# NO LONGER AVAILABE...FREE--KAUAI,



## voyager1 (Nov 14, 2018)

Oceanfront top floor unit Pono Kai #A307.  2 bdrms. and a loft - sleeps 8.  Can't travel due to illness. 

Thank you.


----------



## slip (Nov 14, 2018)

voyager1 said:


> Oceanfront top floor unit Pono Kai #A307.  2 bdrms. and a loft - sleeps 8.  Can't travel due to illness.  $700
> 
> Thank you.



This is an awesome unit. We stayed in this unit earlier this year. It was just totally renovated and they did a good job. The loft is bigger than most hotel rooms. Master bedroom is large too. And it’s only about 40 yards to the ocean. Fantastic view.

I actually have a video my wife took of the unit. Let me know if you want to see it.


----------



## voyager1 (Nov 15, 2018)

slip said:


> This is an awesome unit. We stayed in this unit earlier this year. It was just totally renovated and they did a good job. The loft is bigger than most hotel rooms. Master bedroom is large too. And it’s only about 40 yards to the ocean. Fantastic view.
> 
> I actually have a video my wife took of the unit. Let me know if you want to see it.
> 
> ...


Thank you for the great pictures.  I've been waiting to take this trip for a year, but last minute health problems have made the trip impossible for me.  I sure hope someone can make use of the week.


----------



## slip (Nov 15, 2018)

voyager1 said:


> Thank you for the great pictures.  I've been waiting to take this trip for a year, but last minute health problems have made the trip impossible for me.  I sure hope someone can make use of the week.

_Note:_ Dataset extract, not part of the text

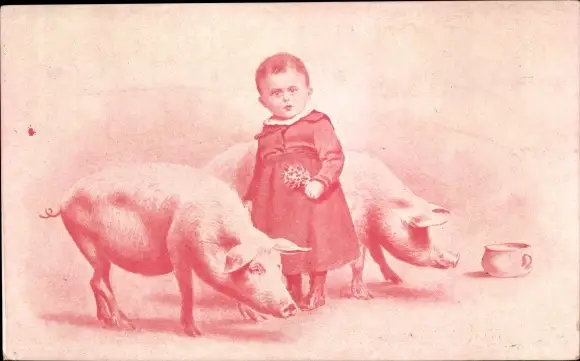 Ak Kind mit zwei Schweinen, Nachttopf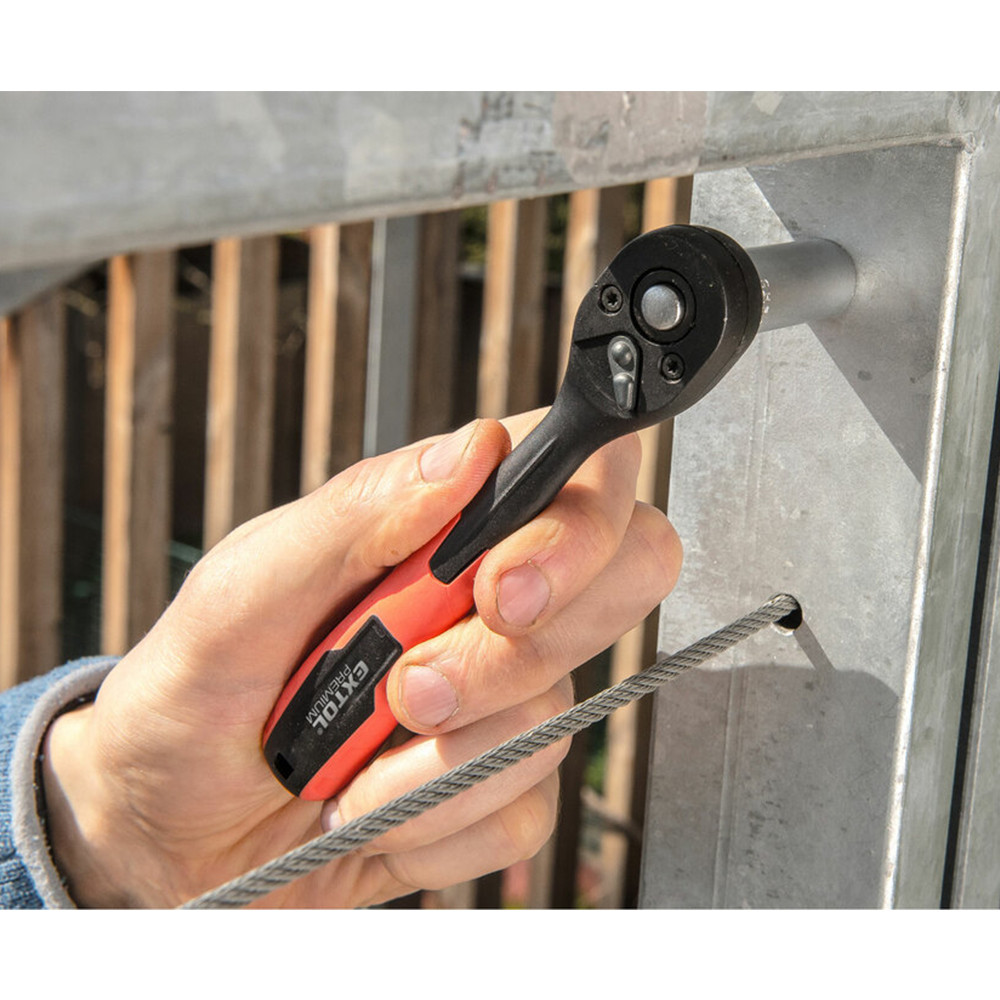 Extol Premium racsnis hajtókar, CV., 72 fog, hajlított szár, csúszásgátló TPR markolat; 1/2", 250mm

I hope so to. It’s our favorite timeshare and we have been going at least once a year for many years now.


----------



## voyager1 (Nov 15, 2018)

voyager1 said:


> Oceanfront top floor unit Pono Kai #A307.  2 bdrms. and a loft - sleeps 8.  Can't travel due to illness.  NOW FREE
> 
> Thank you.



Hoping someone can use this.  No guest certificate required.


----------



## Mike&Edie (Nov 15, 2018)

voyager1 said:


> Hoping someone can use this.  No guest certificate required.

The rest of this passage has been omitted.